Dataset records
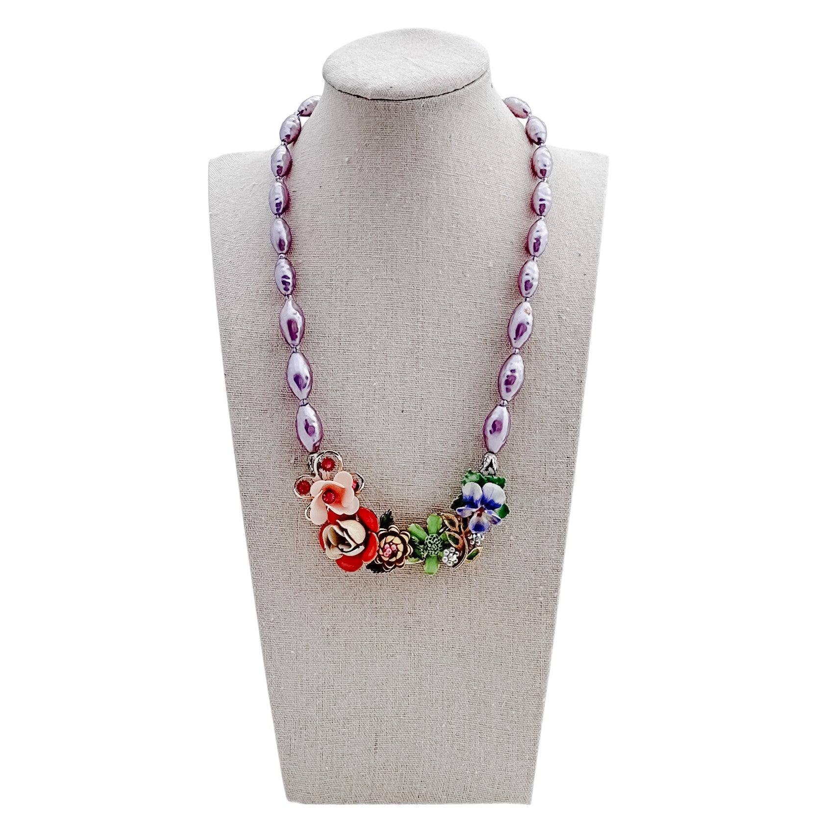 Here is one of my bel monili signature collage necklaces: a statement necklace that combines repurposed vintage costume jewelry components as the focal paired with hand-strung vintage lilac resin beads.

...

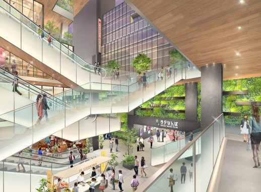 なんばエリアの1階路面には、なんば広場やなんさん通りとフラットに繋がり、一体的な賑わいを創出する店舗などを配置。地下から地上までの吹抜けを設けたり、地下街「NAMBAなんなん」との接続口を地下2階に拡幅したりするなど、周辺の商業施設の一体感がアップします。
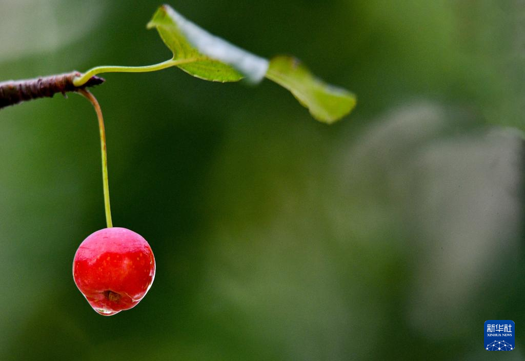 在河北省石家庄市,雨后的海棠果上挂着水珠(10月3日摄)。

Action item
Using the records above, print exactly the lines between the ones containing "なんばエリアの1階路面には、" and "在河北省石家庄市,雨后的海棠果上挂着水珠(10月3日摄)。", inclusive, and nothing else; no pictures.

Answer section
 なんばエリアの1階路面には、なんば広場やなんさん通りとフラットに繋がり、一体的な賑わいを創出する店舗などを配置。地下から地上までの吹抜けを設けたり、地下街「NAMBAなんなん」との接続口を地下2階に拡幅したりするなど、周辺の商業施設の一体感がアップします。
 在河北省石家庄市,雨后的海棠果上挂着水珠(10月3日摄)。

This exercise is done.